** DATA EXTRACT follows **

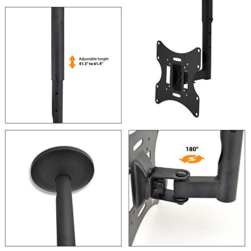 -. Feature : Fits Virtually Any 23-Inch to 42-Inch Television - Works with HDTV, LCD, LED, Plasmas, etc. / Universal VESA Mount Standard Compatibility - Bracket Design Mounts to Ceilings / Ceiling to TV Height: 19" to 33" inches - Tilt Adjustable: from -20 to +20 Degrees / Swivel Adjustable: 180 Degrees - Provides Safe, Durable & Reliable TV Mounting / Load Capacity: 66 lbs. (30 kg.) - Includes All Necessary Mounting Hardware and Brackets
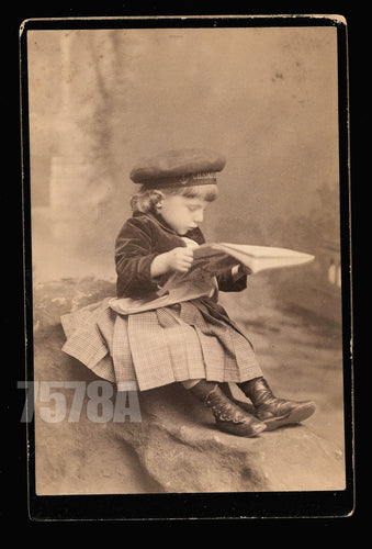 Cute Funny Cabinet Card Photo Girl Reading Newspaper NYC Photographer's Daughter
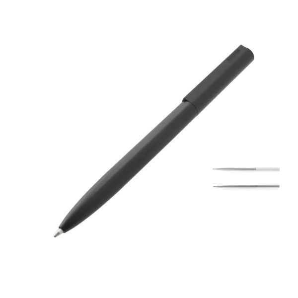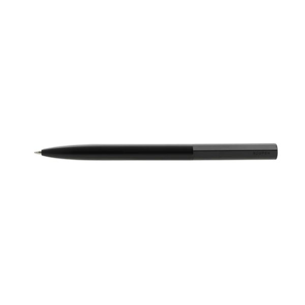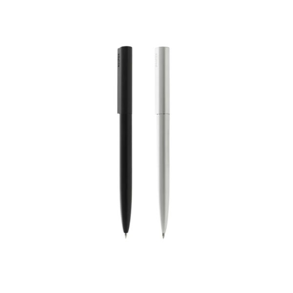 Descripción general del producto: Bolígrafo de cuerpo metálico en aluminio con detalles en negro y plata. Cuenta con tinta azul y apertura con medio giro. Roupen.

** End of DATA EXTRACT **

■ AIM OF THE EXERCISE: Return all the data exactly, and keep the pictures out.

■ YOUR SOLUTION:
 -. Feature : Fits Virtually Any 23-Inch to 42-Inch Television - Works with HDTV, LCD, LED, Plasmas, etc. / Universal VESA Mount Standard Compatibility - Bracket Design Mounts to Ceilings / Ceiling to TV Height: 19" to 33" inches - Tilt Adjustable: from -20 to +20 Degrees / Swivel Adjustable: 180 Degrees - Provides Safe, Durable & Reliable TV Mounting / Load Capacity: 66 lbs. (30 kg.) - Includes All Necessary Mounting Hardware and Brackets
 Cute Funny Cabinet Card Photo Girl Reading Newspaper NYC Photographer's Daughter
 Descripción general del producto: Bolígrafo de cuerpo metálico en aluminio con detalles en negro y plata. Cuenta con tinta azul y apertura con medio giro. Roupen.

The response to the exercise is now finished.